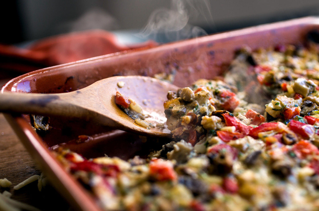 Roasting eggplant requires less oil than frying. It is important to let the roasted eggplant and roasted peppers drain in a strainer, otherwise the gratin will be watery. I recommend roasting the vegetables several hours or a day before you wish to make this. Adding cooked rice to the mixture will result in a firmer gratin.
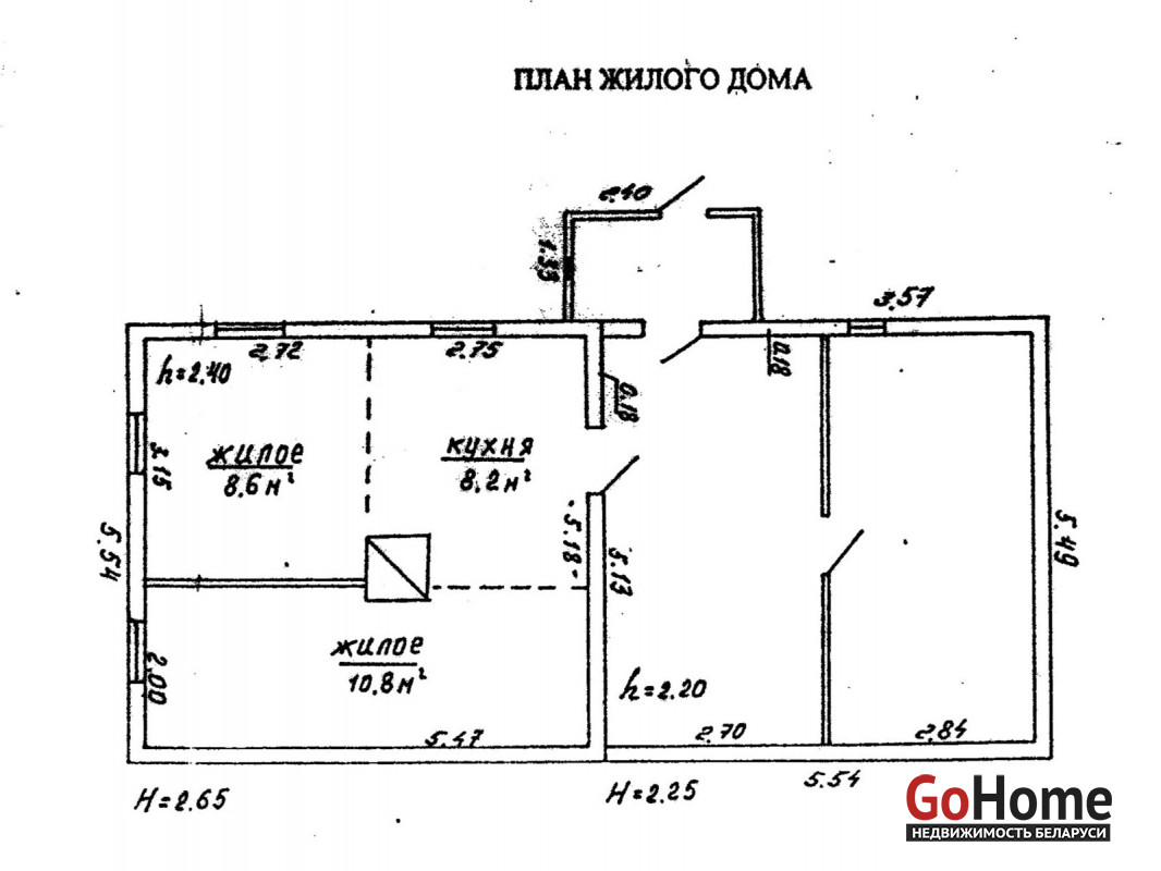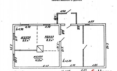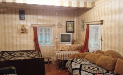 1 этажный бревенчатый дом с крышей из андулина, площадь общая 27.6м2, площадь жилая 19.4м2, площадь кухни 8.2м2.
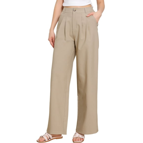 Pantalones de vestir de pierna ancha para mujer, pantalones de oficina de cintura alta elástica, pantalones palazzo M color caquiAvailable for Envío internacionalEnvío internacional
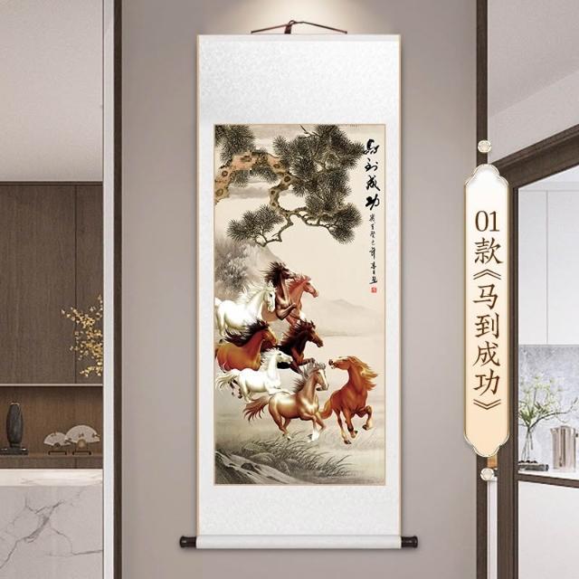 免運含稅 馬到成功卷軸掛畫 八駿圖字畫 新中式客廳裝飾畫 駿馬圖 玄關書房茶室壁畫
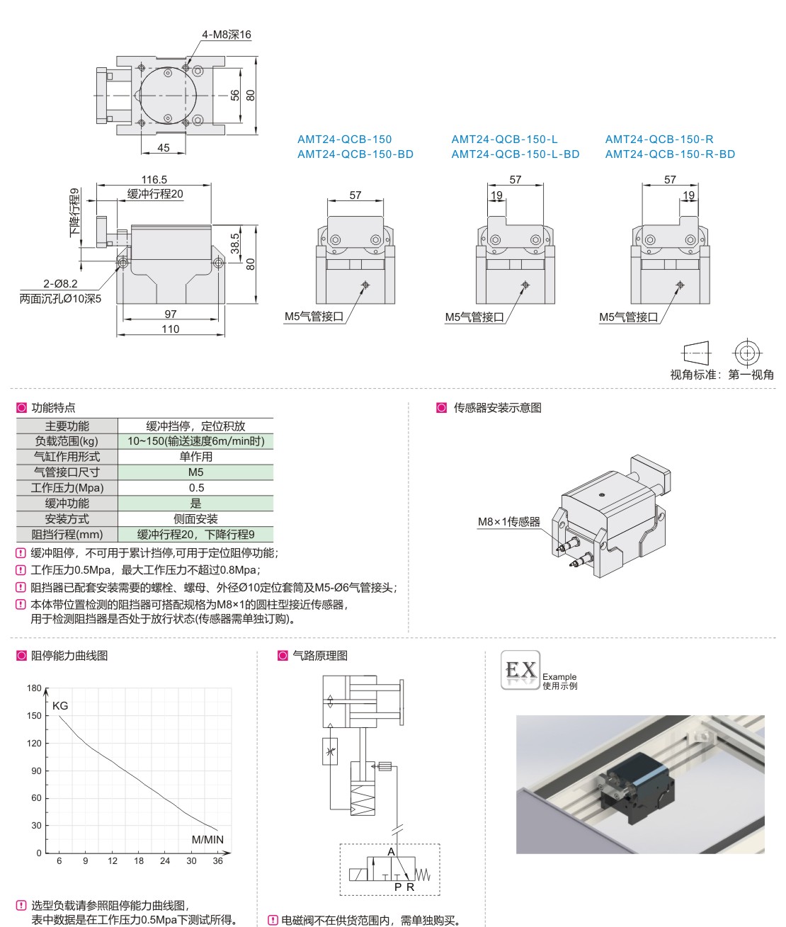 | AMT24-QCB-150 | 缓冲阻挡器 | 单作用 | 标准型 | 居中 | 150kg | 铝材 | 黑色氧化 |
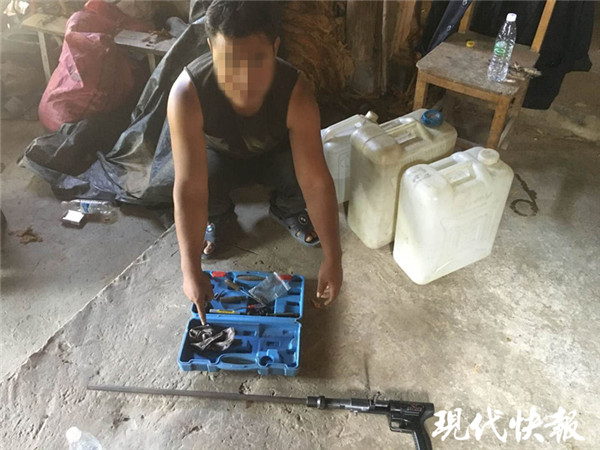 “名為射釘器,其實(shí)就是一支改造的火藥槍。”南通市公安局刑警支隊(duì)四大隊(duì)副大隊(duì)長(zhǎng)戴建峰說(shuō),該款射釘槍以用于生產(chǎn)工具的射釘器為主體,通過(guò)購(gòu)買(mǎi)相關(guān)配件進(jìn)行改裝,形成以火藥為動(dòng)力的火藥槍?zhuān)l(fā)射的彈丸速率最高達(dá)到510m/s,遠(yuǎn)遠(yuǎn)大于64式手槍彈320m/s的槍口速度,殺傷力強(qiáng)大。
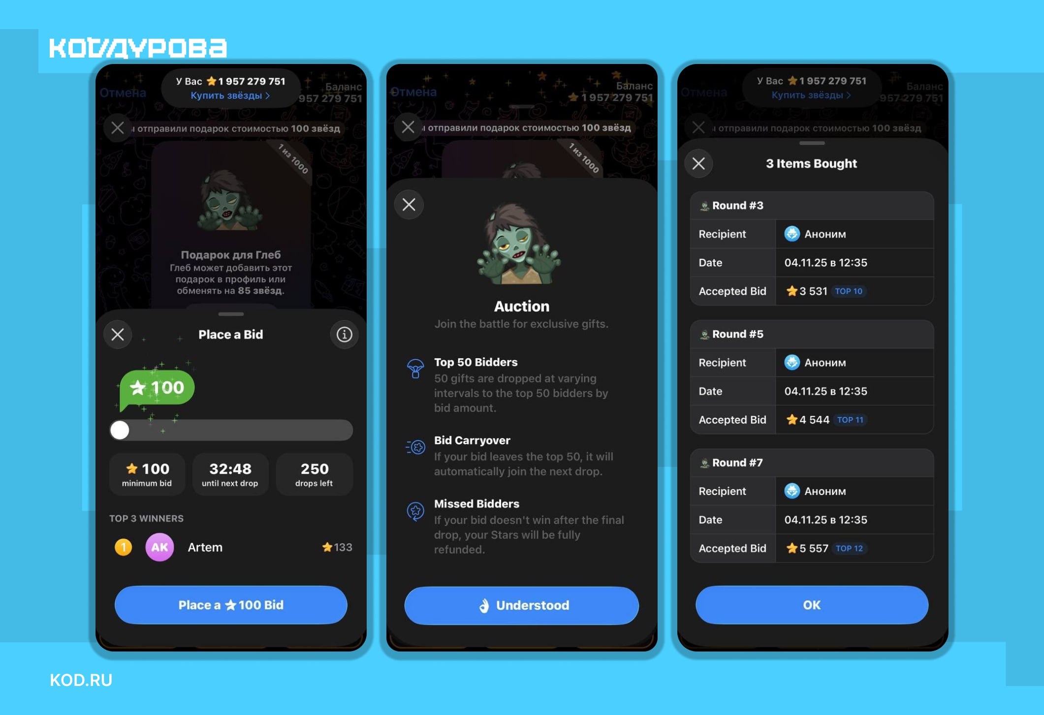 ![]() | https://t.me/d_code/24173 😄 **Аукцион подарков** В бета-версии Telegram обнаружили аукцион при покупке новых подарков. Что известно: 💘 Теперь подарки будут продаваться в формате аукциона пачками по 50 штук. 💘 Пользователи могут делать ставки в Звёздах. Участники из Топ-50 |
--
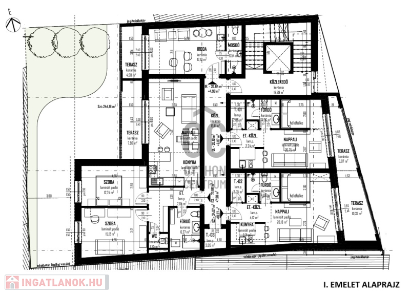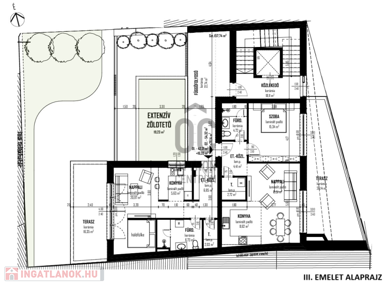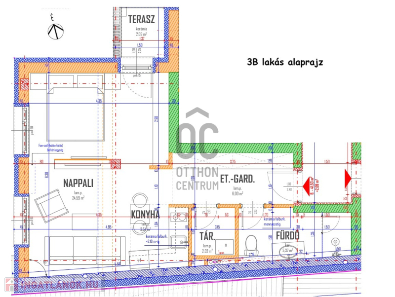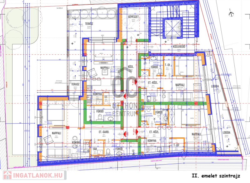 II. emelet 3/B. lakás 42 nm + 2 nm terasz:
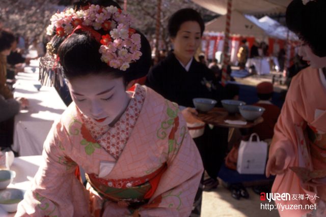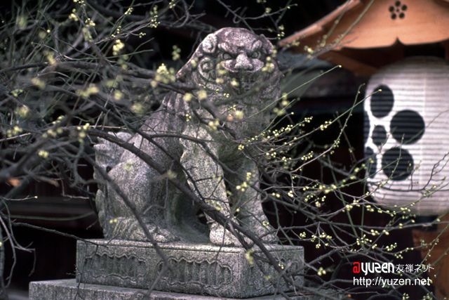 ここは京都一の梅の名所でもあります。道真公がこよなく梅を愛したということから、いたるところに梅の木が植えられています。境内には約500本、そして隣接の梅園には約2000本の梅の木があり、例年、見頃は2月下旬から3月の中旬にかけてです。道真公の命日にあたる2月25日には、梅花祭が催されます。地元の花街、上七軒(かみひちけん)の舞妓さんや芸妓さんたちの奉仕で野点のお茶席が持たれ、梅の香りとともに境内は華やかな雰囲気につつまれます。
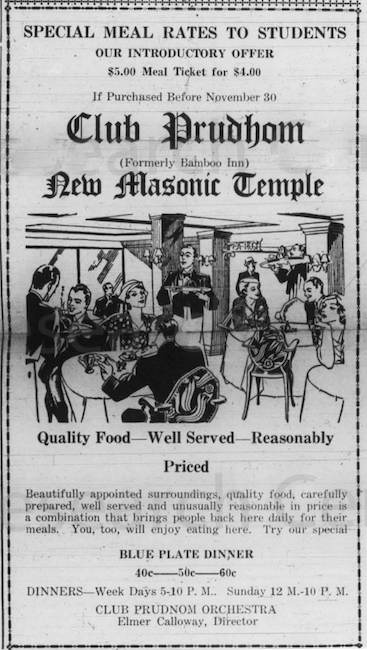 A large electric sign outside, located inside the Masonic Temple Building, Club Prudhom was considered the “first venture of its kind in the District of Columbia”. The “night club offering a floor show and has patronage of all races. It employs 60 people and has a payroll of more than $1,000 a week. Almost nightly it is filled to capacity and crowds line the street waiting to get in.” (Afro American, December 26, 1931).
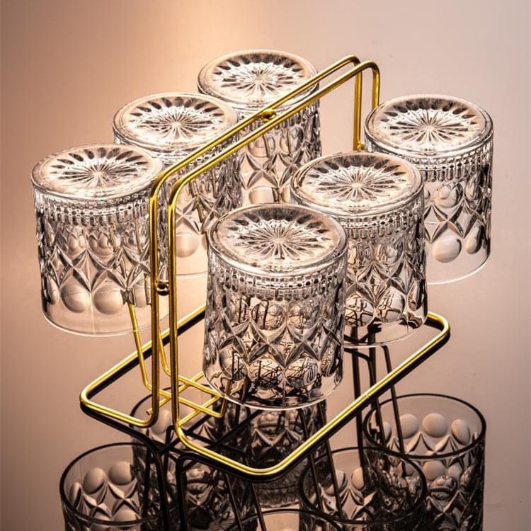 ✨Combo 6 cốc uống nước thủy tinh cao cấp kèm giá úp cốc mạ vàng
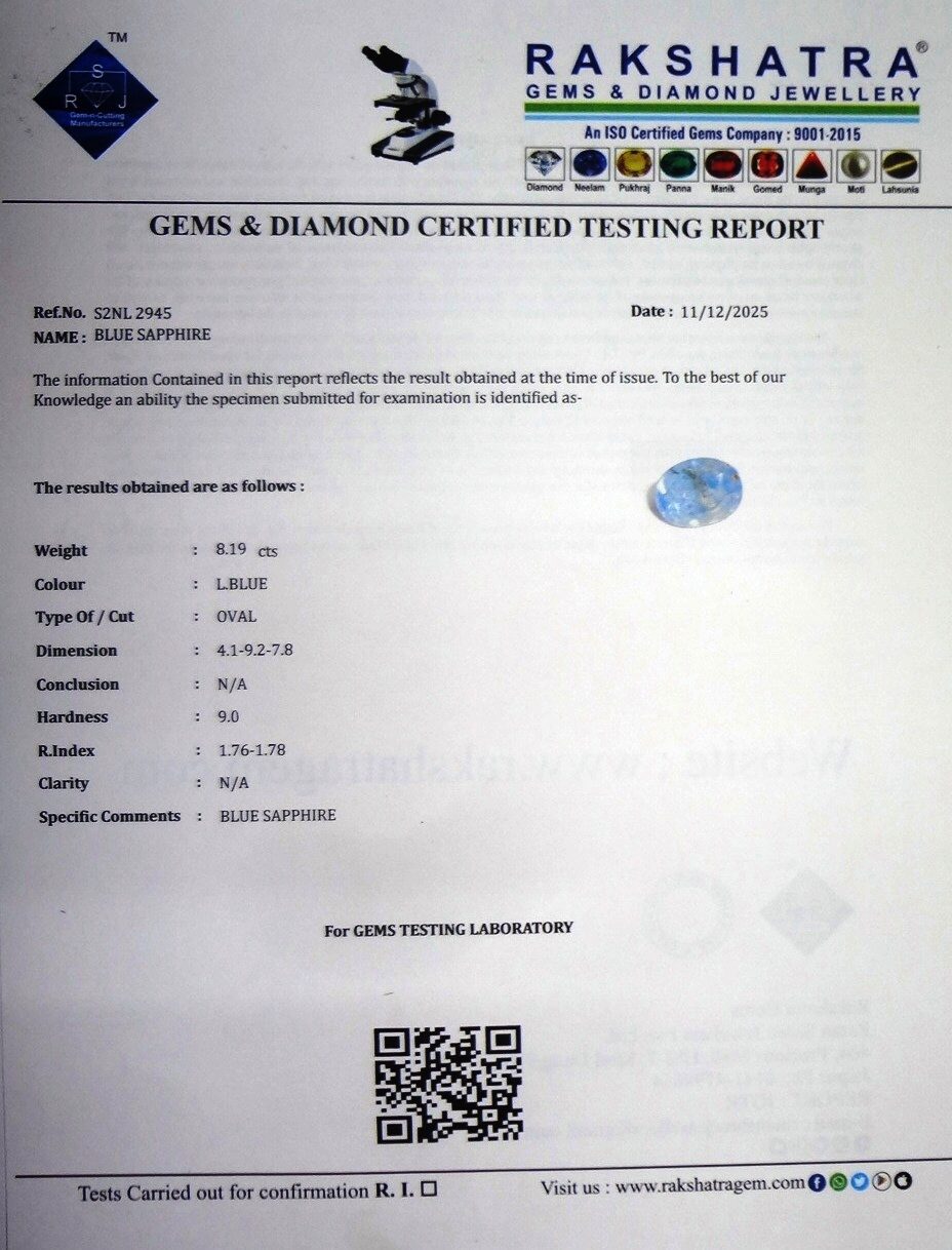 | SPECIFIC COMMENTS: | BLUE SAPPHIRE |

> **ACTIVITY**
Copy out the lines above from the line containing "II. emelet 3/B." through the line containing "ここは京都一の梅の名所でもあ", exactly, and keep the pictures out.

> **EXERCISE RESULT**
 II. emelet 3/B. lakás 42 nm + 2 nm terasz:
 ここは京都一の梅の名所でもあります。道真公がこよなく梅を愛したということから、いたるところに梅の木が植えられています。境内には約500本、そして隣接の梅園には約2000本の梅の木があり、例年、見頃は2月下旬から3月の中旬にかけてです。道真公の命日にあたる2月25日には、梅花祭が催されます。地元の花街、上七軒(かみひちけん)の舞妓さんや芸妓さんたちの奉仕で野点のお茶席が持たれ、梅の香りとともに境内は華やかな雰囲気につつまれます。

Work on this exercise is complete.